PROBLEM DETAILS: Omit the pictures. Transcribe exactly the lines below, from the one with "60x42cm, conte on" up to and including the last.

Recorded data:
++++++

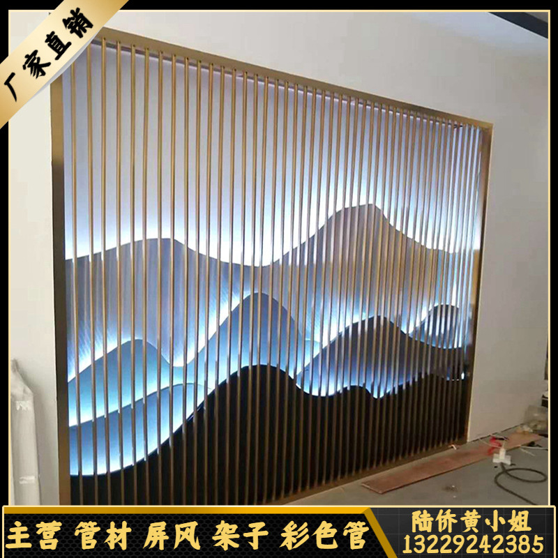 Custom Stainless Steel Screen Partition Hotel Lobby Decoration Metal Ancient Bronze Color Grilles Landscape Painting Fake Mountain Background Wall
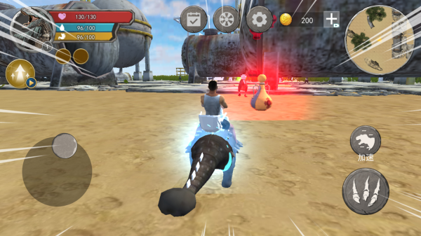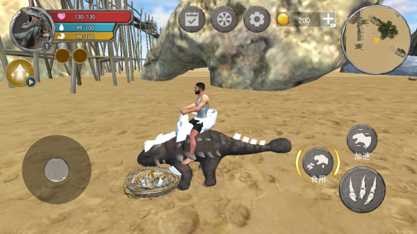 1、玩家操控角色骑乘恐龙在岛屿上展开探索,通过移动、加速等按钮搜寻其他恐龙,靠近目标后借助食用等功能将其吞噬。
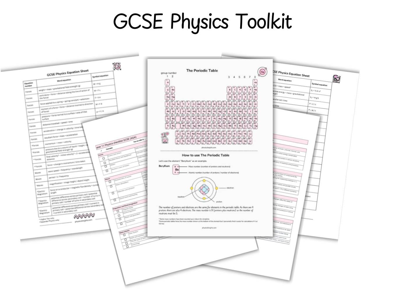 Download beautifully designed Physics resources — from equation sheets to checklists — made especially for girls studying GCSE Physics. Just enter your first name and email to unlock them all!
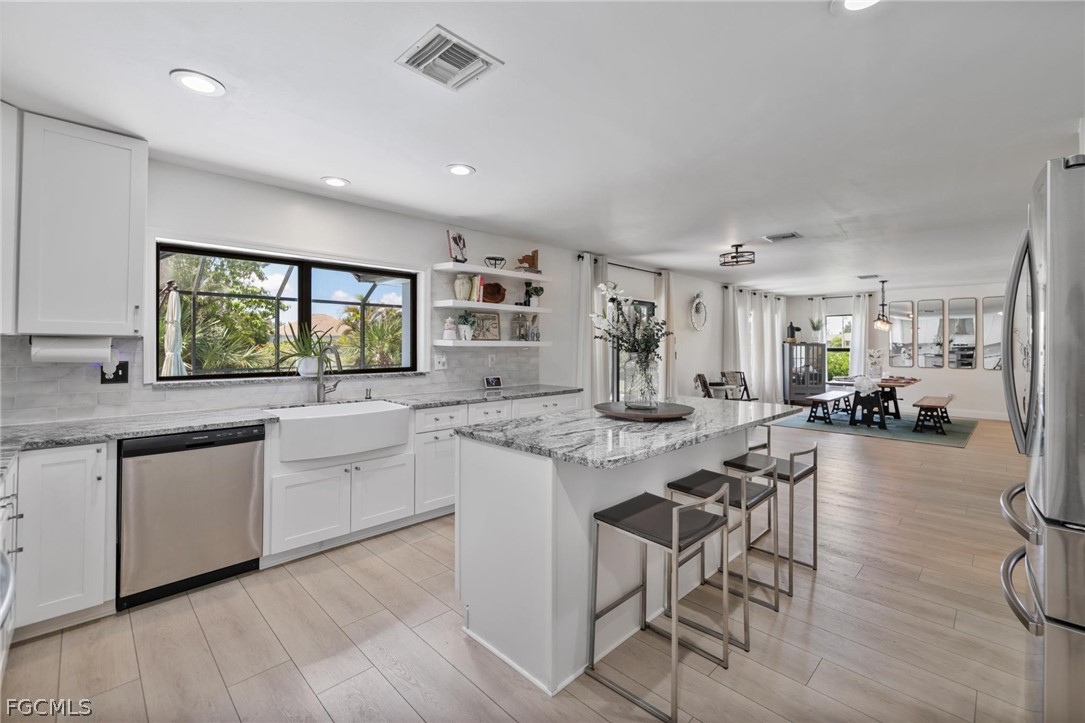 This home is VA assumable with a low interest rate, located in Flood Zone X—no flood insurance required—and offers low HOA fees. Welcome to Burnt Store Lakes, a vibrant community known for its scenic beauty, abundant wildlife, and endless outdoor recreation. Fully remodeled and thoughtfully upgraded, this rare gem blends modern elegance with prime access to eleven freshwater lakes, expansive greenbelts, and the natural charm of Charlotte Harbor and Burnt Store Marina.
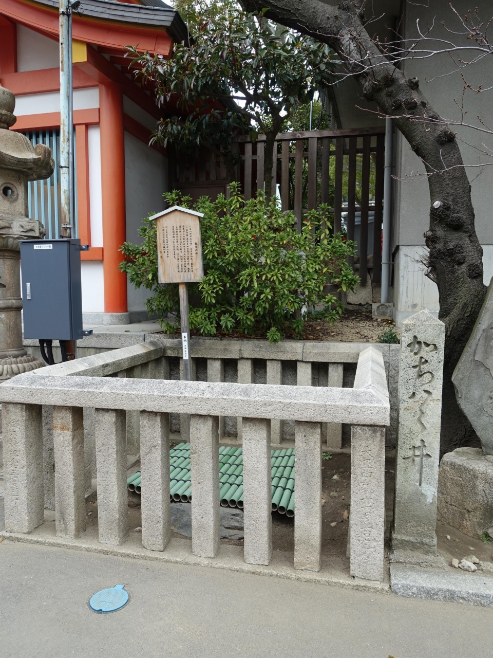 生田神社の楼門の手前、楼門に向かって右手にある井戸です。約800年前、源平合戦の時に、梶原景季がこの井戸の水を汲んだと言われる歴史ある井戸です。井戸そのものは覆いがかぶされていて見えないのが残念ですが、日本最古級の神社とされる生田神社の歴史の一端を感じることが出来ました。
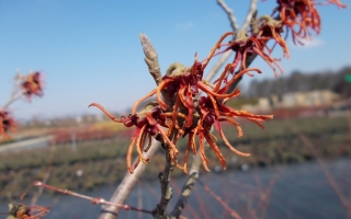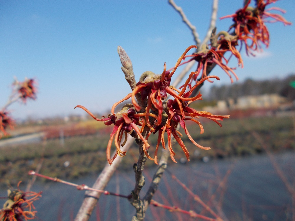 Luźny krzew osiągający około 3-4 m wysokości. Liście owalne, ciemnozielone, pokryte włoskami. Na jesień blaszka liściowa przebarwia sie od żółtego po czerwony i brazowy kolor. Kwitnie w okresie zimy w II-III. Kwiaty zebrane w pęczki, płatki długie frędzlowate barwy czerwonej. Wymaga gleb żyznych, świeżych, przepuszczalnych. Stanowiska słoneczne lub półcieniste ale osłonięte i ciepłe. Bardzo atraktycjnie wyglada zimą obok zimozielonych roślin. Nadaje sie również do nasadzeń soliterowych, ogrodów przydomowych i parków.
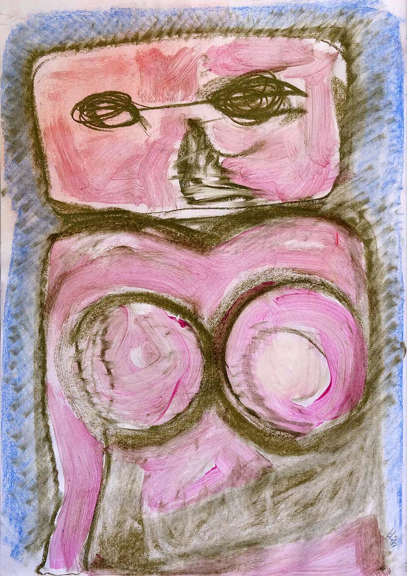 60x42cm, conte on paper, composition influenced by Outsider art, A2 110gsm Jasart sketchbook
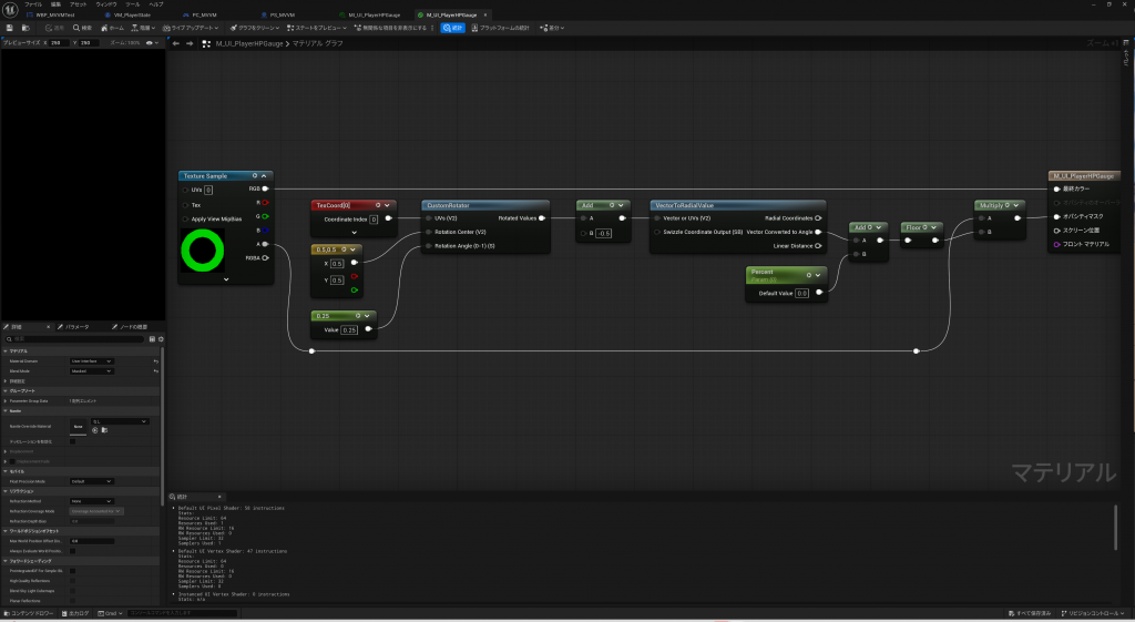 これで、ViewModelのPlayerHPが変更された場合にイベントディスパッチャーが呼び出されるようになったので、UMG側ではイベントを監視して、PlayerHPに変化があったら円型ゲージのマテリアルパラメータを更新するようにします。
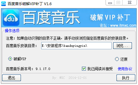 安装百度音乐客户端之后再打开此VIP补丁,打补丁时请关闭百度音乐打开后选择百度音乐客户端安装的目录,破解时会有杀毒软件报毒,放心,这不是病毒,是破解补丁强行修改百度音乐客户端的注册表,所以会报毒.
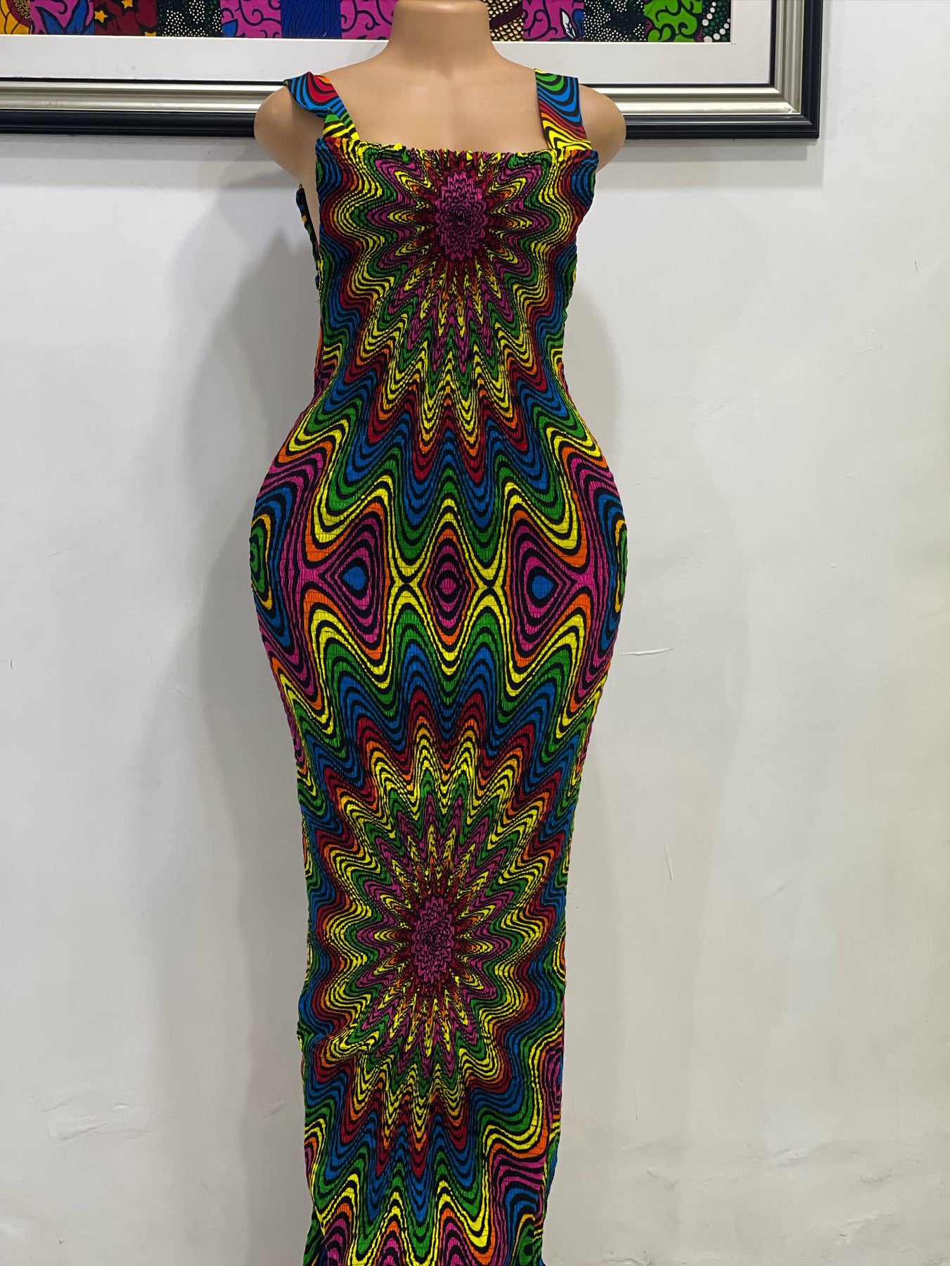 Beautiful African print elasticated bodycon is extremely flattering for all beautiful body types.
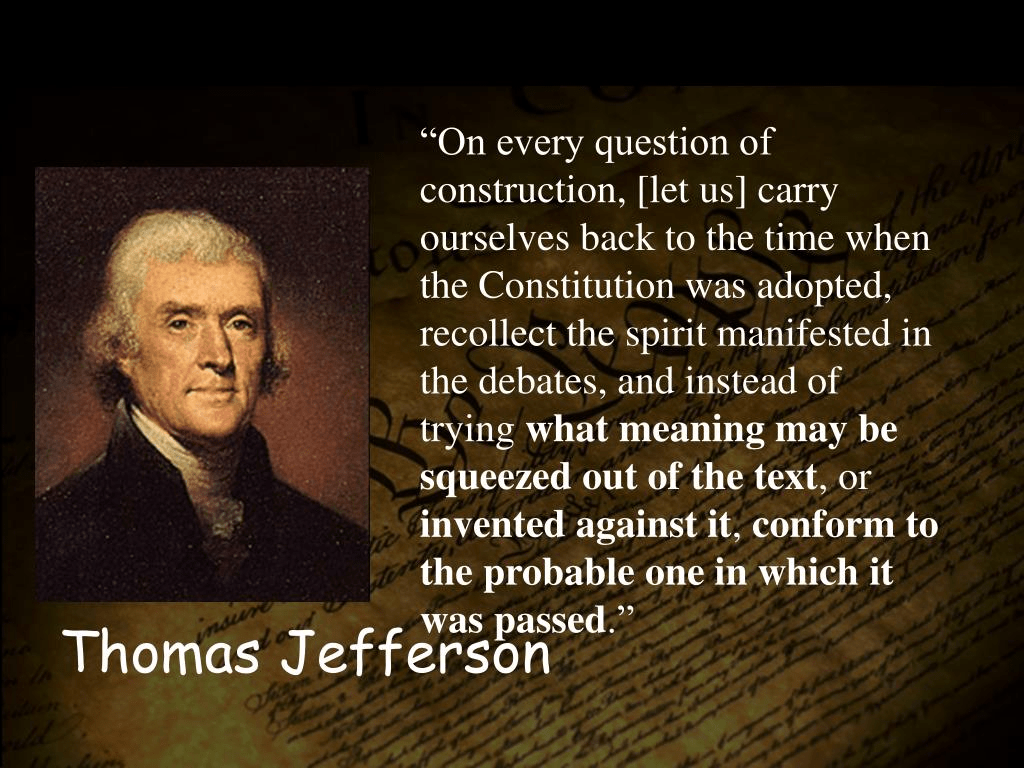 “On every question of construction carry ourselves back to the time when the Constitution was adopted, recollect the spirit manifested in the debates and instead of trying what meaning may be squeezed out of the text or invented against it, conform to the probable one in which it was passed.” – Thomas Jefferson (1823)

++++++

TASK RESULT:
 60x42cm, conte on paper, composition influenced by Outsider art, A2 110gsm Jasart sketchbook
 これで、ViewModelのPlayerHPが変更された場合にイベントディスパッチャーが呼び出されるようになったので、UMG側ではイベントを監視して、PlayerHPに変化があったら円型ゲージのマテリアルパラメータを更新するようにします。
 安装百度音乐客户端之后再打开此VIP补丁,打补丁时请关闭百度音乐打开后选择百度音乐客户端安装的目录,破解时会有杀毒软件报毒,放心,这不是病毒,是破解补丁强行修改百度音乐客户端的注册表,所以会报毒.
 Beautiful African print elasticated bodycon is extremely flattering for all beautiful body types.
 “On every question of construction carry ourselves back to the time when the Constitution was adopted, recollect the spirit manifested in the debates and instead of trying what meaning may be squeezed out of the text or invented against it, conform to the probable one in which it was passed.” – Thomas Jefferson (1823)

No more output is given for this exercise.